Task-Centric Acceleration of Small-Language Models
Dor Tsur, Sharon Adar, Ran Levy

TL;DR
This paper introduces TASC, a framework for accelerating small language models through vocabulary enrichment and speculative decoding, improving efficiency in low-variability tasks without sacrificing performance.
Contribution
The paper presents TASC, a novel task-adaptive compression framework with two methods: TASC-ft for fine-tuning with expanded vocabularies and TASC-spec for inference acceleration without extra training.
Findings
TASC-ft improves fine-tuning efficiency by vocabulary enrichment.
TASC-spec accelerates inference without additional training.
Both methods maintain task performance across multiple tasks.
Abstract
Small language models (SLMs) have emerged as efficient alternatives to large language models for task-specific applications.
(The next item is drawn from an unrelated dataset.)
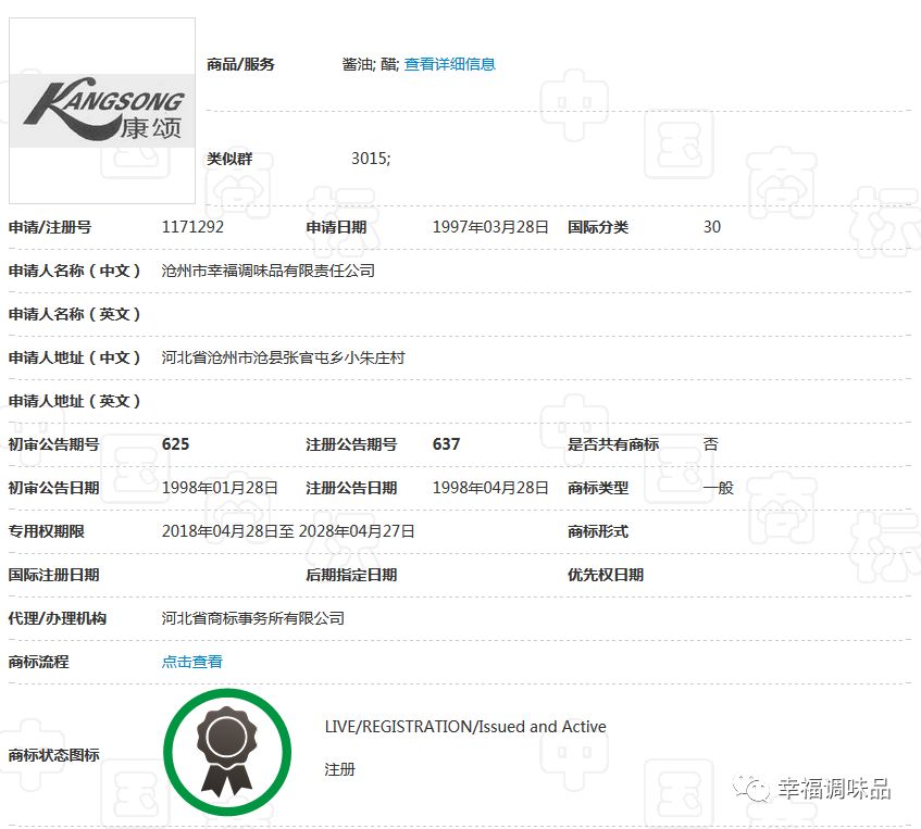 幸福調味品自創(chuàng)辦30多年以來,在工商部門指導下,充分認識到商標品牌的重要性,始終堅持走創(chuàng)品牌的路子。公司的“康頌”商標于1997年在30類,糖、茶、糕點、調味品類獲核準注冊后,并根據(jù)市場需要,先后又注冊了包括“滄獅”中文及拼音在內的等商標;形成了涵蓋多類別、多商品、多層次的商標品牌庫。

However, they are often employed in high-volume, low-latency settings, where efficiency is crucial. We propose TASC, Task-Adaptive Sequence Compression, a framework for SLM acceleration comprising two use-cases: When performing SLM fine-tuning, we propose TASC-ft, which iteratively enriches the tokenizer vocabulary with high-frequency output n-grams and then fine-tunes the model to utilize the expanded vocabulary. Next, we propose an inference-time method, termed TASC-spec. TASC-spec is a lightweight, training-free speculative decoding method that constructs an n-gram draft model from the task's output corpus, mixing task and context n-gram information.TASC-spec avoids any additional training, while bypassing draft-target vocabulary alignment constraints. We…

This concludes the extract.